The other day, I had one of my juniors come up to me and say, "Valles. Does change scare you?" Of course I had her clarify because that's not exactly the most clear way to open up a conversation. She followed up with an explanation that with us being in the military, things are constantly changing in our worlds. From where we are to what we do on a day-to-day basis. It's never the same. And I had to honestly sit back and think about what changes I'd gone through and how I felt about them.
Ya know, a year ago if you would've asked me where I'd thought I'd be at now, I would've probably said some stupid sh*t like "finishing my degree" or "working full time". A year ago I was empty, confused, and forcing myself to do what I thought I should be doing. But not what I wanted to. I felt a constant aching for something more. In all honesty I would have NEVER thought I'd enlist and completely uproot my life.
But of course, that's where my friend, Change, comes in. She threw my plans out the window, looked at me, and said, "This is how this sh*t is gonna go.."
And that's the thing. You can have all the plans you want, go ahead. Plan your little heart out. But somewhere down the road, something is gonna completely alter how you thought your life was going to go.
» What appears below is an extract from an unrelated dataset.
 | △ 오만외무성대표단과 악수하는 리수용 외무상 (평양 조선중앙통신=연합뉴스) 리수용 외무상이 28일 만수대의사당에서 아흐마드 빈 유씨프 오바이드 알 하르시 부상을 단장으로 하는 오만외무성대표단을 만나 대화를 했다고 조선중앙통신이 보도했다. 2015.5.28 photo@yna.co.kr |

You have to be able to adapt to the changes that come your way. Face them head on. You'll either conquer them completely, or get knocked on your ass. It's how you choose to react that sets the foundation for what continues.
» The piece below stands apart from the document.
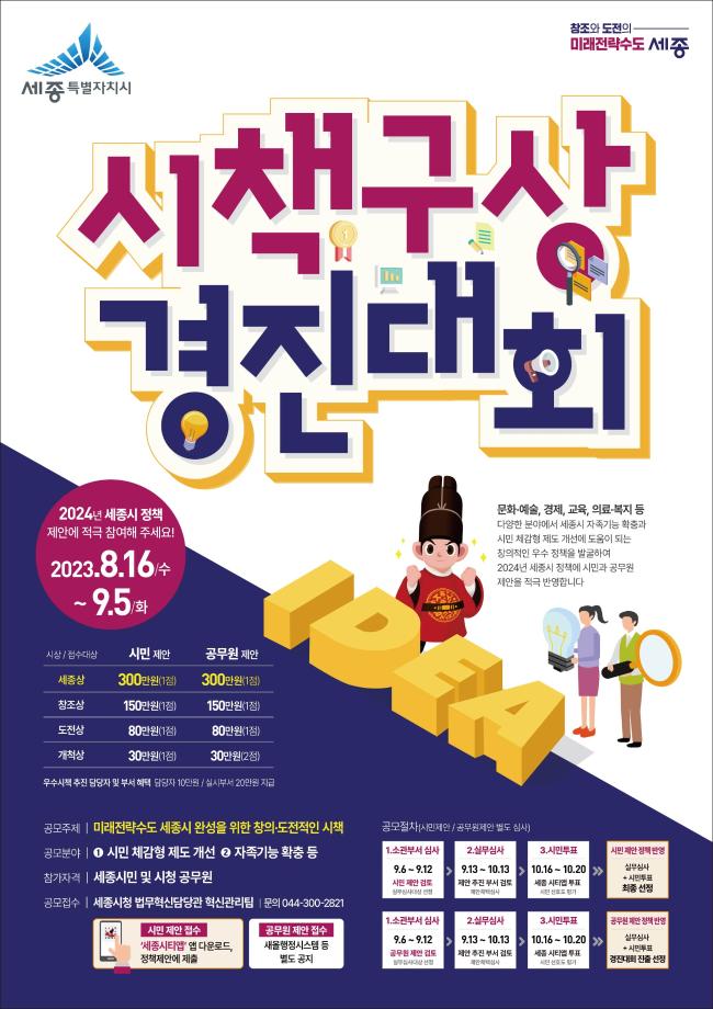 대회와 관련한 자세한 문의는 시 정책기획관(☎ 044-300-2113, 경진대회 관련), 법무혁신담당관(☎044-300-2821, 제안서 접수 관련)을 통해 가능하다.

So say you're going about your life, and Change comes rearing her ugly head. Say you do face her, head-to-head, toe-to-toe. And you conquer her. What then? How is that change that effects/effected your life going to make you stronger? Or weaker? Or more cautious? How does it affect you?
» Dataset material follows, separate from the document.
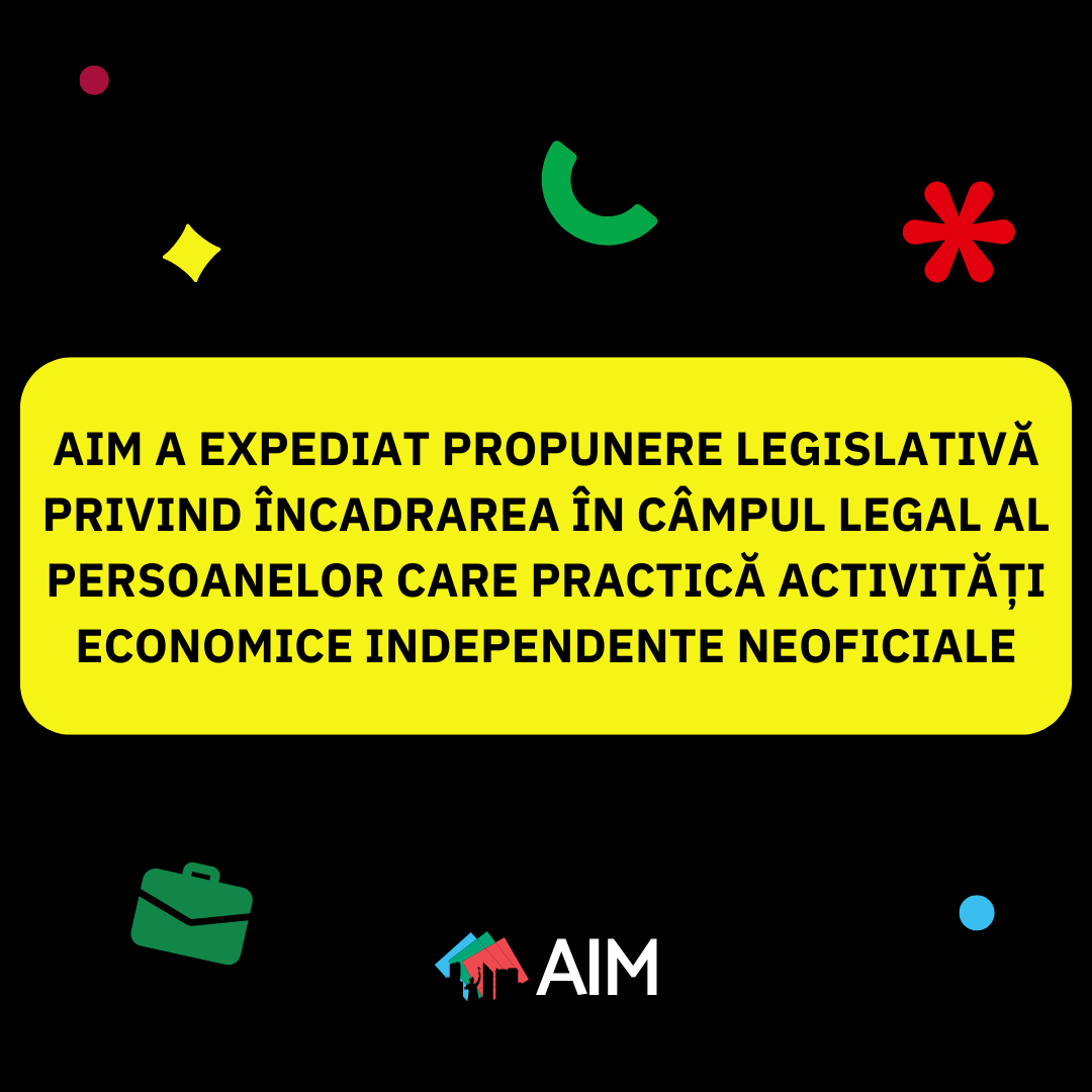 AIM A EXPEDIAT PROPUNERE LEGISLATIVĂ PRIVIND ÎNCADRAREA ÎN CÂMPUL LEGAL AL PERSOANELOR CARE PRACTICĂ ACTIVITĂȚI ECONOMICE INDEPENDENTE NEOFICIALE septembrie 9, 2024septembrie 5, 2024

Say you don't conquer her. Say Change punches you dead in the nose and now you're looking up at her from the ground. What are you going to do about it? Are you going to stay down? So that next time she comes around, she can't do anything because you're already down. Are you going to get back up, adjust your process and face her again?
At the end of the day, it's up to you. I could've very well dropped out of college, went home, and worked a full time job for the remainder of my life. But I wanted change. I wanted Change to come and scramble my life a little. I craved something different. And I was prepared to deal with whatever Change brought with her. Because in my eyes, you don't learn anything when things are stagnant. Routines don't teach you anything but how to do the same thing over, and over, and over, and over and over. Sameness. That is dangerous.
Change is good. It teaches you how to be resilient and vigilant. It teaches you how to turn negative into positive. It teaches you that there are better things out there than what you make yourself believe you deserve. It teaches you to reach for the sky. To stand up when you fall. To stay on your toes. To never settle for less. And how to teach others the same.